The Auspicious Incident (or Event) (Ottoman Turkish: Vaka-i Hayriye, "Fortunate Event" in Constantinople; Vaka-i Şerriyye, "Unfortunate Incident" in the Balkans) was the forced disbandment of the centuries-old Janissary corps by Sultan Mahmud II on 15 June 1826. Most of the 135,000 Janissaries revolted against Mahmud II, and after the rebellion was suppressed, most of them were executed, exiled or imprisoned. The disbanded Janissary corps was replaced with a more modern military force.

Background
The Janissaries were first created by the Ottoman Sultans in the late 14th century and were employed as household troops. Janissaries began as an elite corps made up through the devşirme system of child slavery, by which young Christian boys, notably Serbs, Albanians, Bosnians, Bulgarians, Croats, Greeks, Macedonians, Slovenians, and Romanians were taken from the Balkans, forcibly circumcised, converted to Islam, and incorporated into the Ottoman army. During the 15th and 16th centuries they were recognized as one of the best-trained and most effective military units in Europe. They became known for their discipline, morale and professionalism. They were paid regularly and were expected to be ready to enter battle at any time. By the 16th century, Janissaries were also recruited from ethnic Turks.

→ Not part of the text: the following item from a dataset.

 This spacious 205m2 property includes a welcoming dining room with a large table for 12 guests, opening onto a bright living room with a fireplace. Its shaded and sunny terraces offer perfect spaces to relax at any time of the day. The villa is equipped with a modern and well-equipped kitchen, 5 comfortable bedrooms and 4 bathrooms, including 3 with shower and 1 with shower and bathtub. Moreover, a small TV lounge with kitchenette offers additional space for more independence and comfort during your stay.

However, by the early 17th century, the Janissary corps had ceased to function as an elite military force, and had become a privileged hereditary class, and their exemption from paying taxes made them highly unfavorable in the eyes of the rest of the population. The number of Janissaries grew from 20,000 in 1575 to 135,000 in 1826, about 250 years later. Many were not soldiers but still collected pay from the empire, as dictated by the corps since it held an effective veto over the state and contributed to the steady decline of the Ottoman Empire. Any sultan who tried to diminish its status or power was immediately either killed or deposed.

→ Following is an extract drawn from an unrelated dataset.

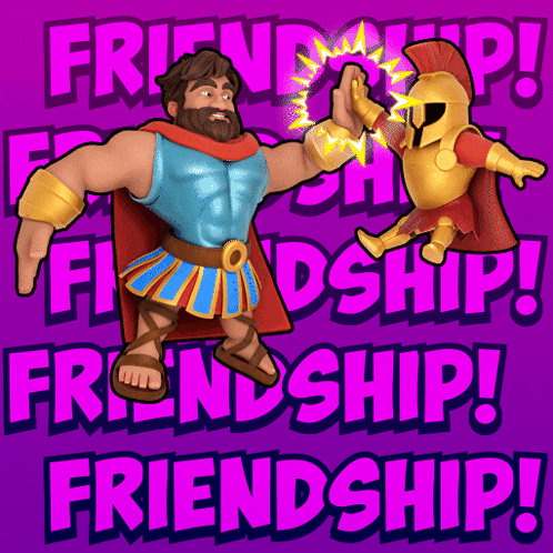 Hercules and Spartan from Infinigods Kingofdestiny share a high five, surrounded by the word "FRIENDSHIP!".

As opportunities and power continued to rise within the Janissary corps, it began to undermine the empire. Over time it became clear that for the empire to restore its position as a major power of Europe, it needed to replace the Janissary corps with a modern army.

Mutiny
When Mahmud II began forming a new army and hiring European gunners, the Janissaries mutinied and fought on the streets of the Ottoman capital, but the militarily superior Sipahis charged and forced them back into their barracks. Turkish historians claim that the counter-Janissary force, which was great in numbers, included the local residents who had hated the Janissaries for years.

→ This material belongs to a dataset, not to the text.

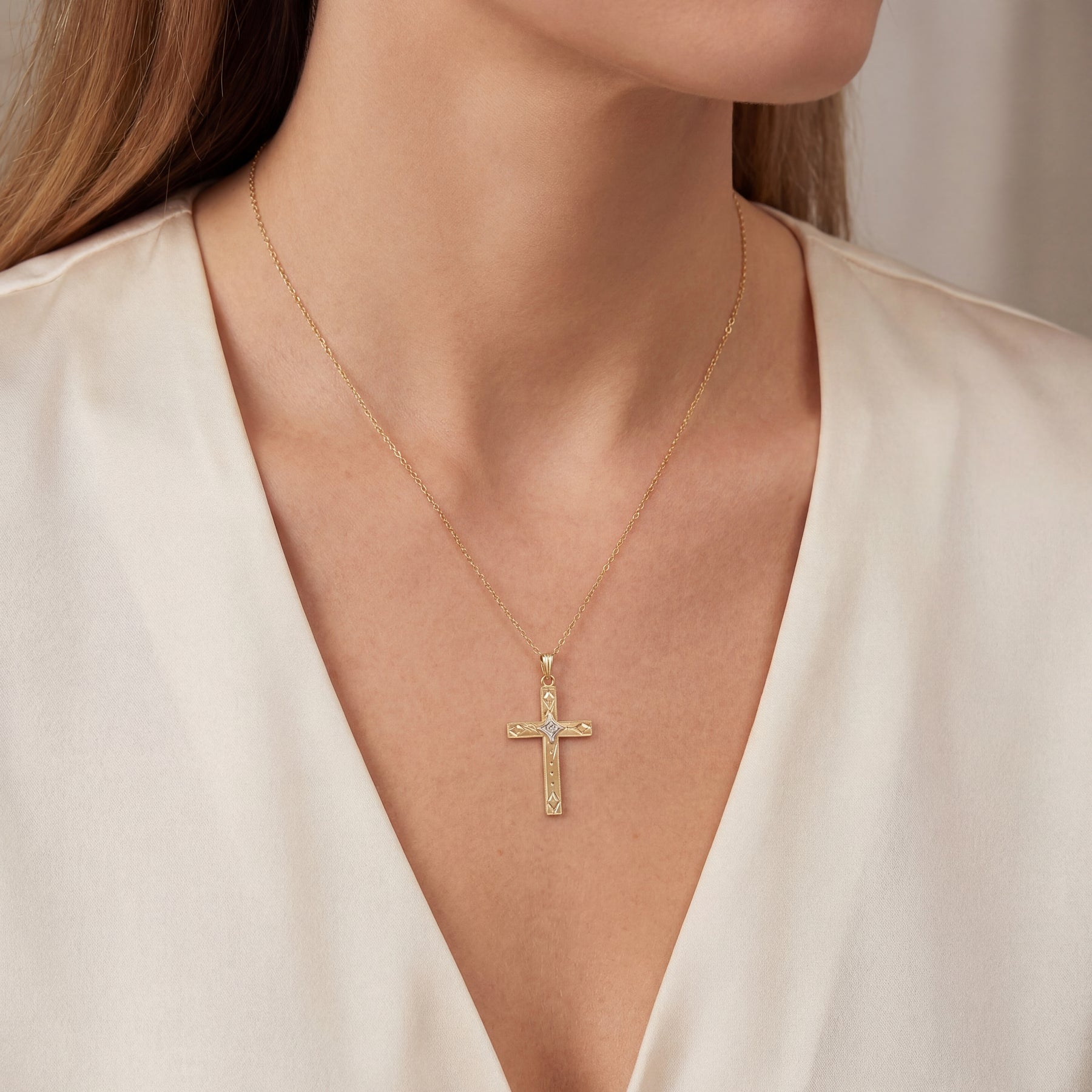10K Y/G Cross Pendant 1 Round Diamond Accent -Estate

Historians suggest that Mahmud II purposely incited the revolt and have described it as the sultan's "coup against the Janissaries". The sultan informed them that he was forming a new army, the Sekban-ı Cedit, organized and trained along modern European lines (and that the new army would be Turkish-dominated). The Janissaries saw their institution as crucial to the well-being of the Ottoman Empire, especially to Rumelia, and had previously decided they would never allow its dissolution. Thus, as predicted, they mutinied, advancing on the sultan's palace. Mahmud II then brought out the Holy Banner of the Prophet Muhammad from inside the Sacred Trust, intending all true believers to gather beneath it and thus bolster opposition to the Janissaries. In the ensuing fight the Janissary barracks were set ablaze by artillery fire, resulting in 4,000 Janissary deaths; more were killed in the heavy fighting on the streets of Constantinople (the capital of the Ottoman Empire and the center of the Janissary order). The survivors either fled or were imprisoned, their possessions confiscated by the Sultan. By the end of 1826 the captured Janissaries, constituting the remainder of the force, were put to death by decapitation in the Thessaloniki fort that soon came to be called the "Blood Tower" (but which has been known since 1912 as the White Tower). Roughly 100 other Janissaries fled to the Cistern of Philoxenos where many drowned.

Aftermath
The Janissary leaders were executed and their possessions confiscated by the Sultan. The younger Janissaries were either exiled or imprisoned. Thousands of Janissaries had been killed, and thus the elite order came to its end. The Sufi Order of the Bektaşi Brotherhood, a core Janissary institution, was outlawed, and its followers executed or exiled. A new modern corps, Asakir-i Mansure-i Muhammediye ("The Victorious Soldiers of Muhammad") was established by Mahmud II to guard the Sultan and replace the Janissaries. Many ordinary Janissaries, especially in the provinces, began rogue revolts and demanded autonomy. Christians in the Balkans became very hostile to their Muslim neighbors and began to rally against the new Turkish armies sent from Constantinople. Some Janissaries survived by keeping a low profile and taking ordinary jobs.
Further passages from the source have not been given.